Day 1- AI Engineering Journey - How Large Language Models (LLMs) Actually Work — Explained Simply

How Large Language Models (LLMs) Actually Work — Explained Simply (But Correctly)

This is Day 1 of Posting AI Engineering content. In this post I will mostly cover how exactly LLM works.


Most people say things like “LLMs understand language” or “they think like humans.”
That sounds nice — but it’s not how they actually work.

Let’s break it down properly.


The Core Idea

At its heart, an LLM is not thinking, reasoning, or understanding.

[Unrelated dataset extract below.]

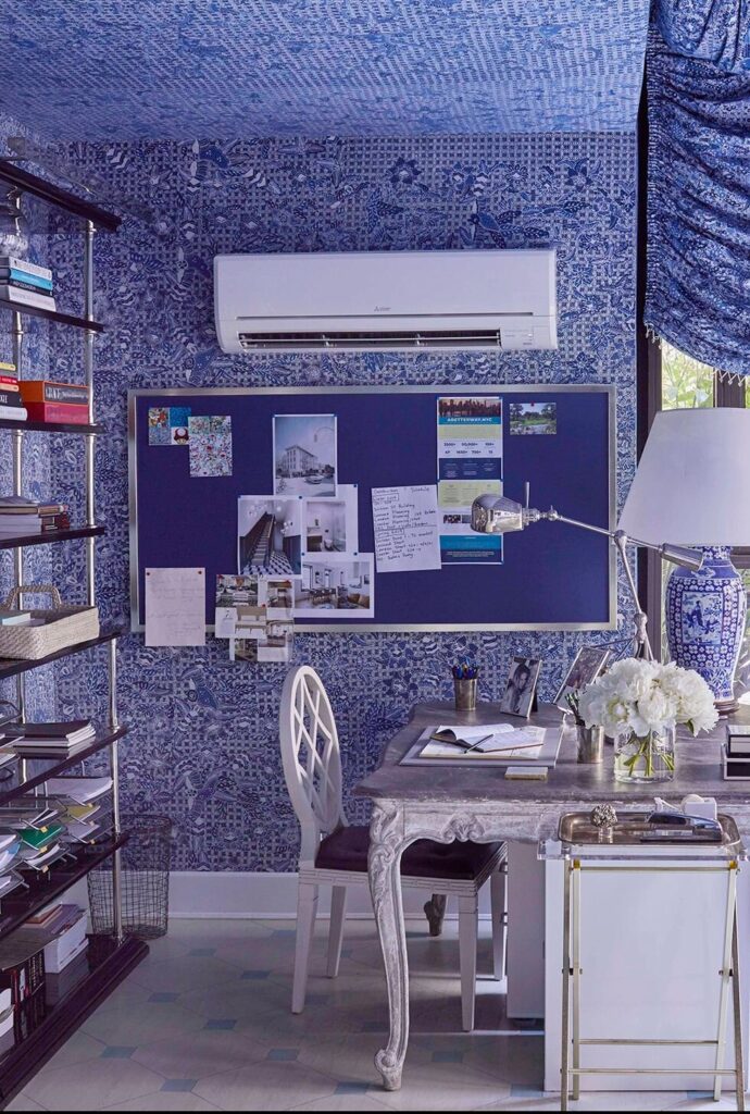 Think about the person or people with whom you’ll be meeting. What can you place behind you to inspire and intrigue? Betsy has a very intentional gallery wall using her fave Benjamin Moore blue paint topped with bright white RIVA frames from IKEA. She knows this presentation excites her clients and helps them trust her design sensibility.

It is a system that does one thing extremely well:

It predicts the next token given the previous tokens.

That’s it.

Everything else — conversations, code, reasoning — emerges from this single capability.


🔤 Step 1: Text → Tokens

Before processing, your input is converted into tokens.

Tokens are not exactly words. They can be:

  • Full words → cat
  • Parts of words → un, believ, able
  • Symbols → +, =, ;

Example:

"unbelievable" → ["un", "believ", "able"]

This matters because:

  • Cost is based on tokens
  • Models have token limits (context window)
  • Poor tokenization can affect output quality

⚙️ Step 2: Transformer Processes the Input

Once tokenized, the input is passed into a transformer model.

The transformer:

  • Looks at the entire sequence at once
  • Understands relationships between tokens using attention
  • Builds a contextual understanding of the input

Example:

“The animal didn’t cross the road because it was tired.”

The model understands:

  • “it” refers to animal, not road

📊 Step 3: Predicting the Next Token

The model does NOT generate full sentences.

Instead, it calculates:

What is the probability of each possible next token?

Example:

"The sky is ___"

blue → 0.7  
green → 0.1  
falling → 0.05  
pizza → 0.001  

🎲 Step 4: Sampling (Why Outputs Change)

The model doesn’t always pick the highest probability token.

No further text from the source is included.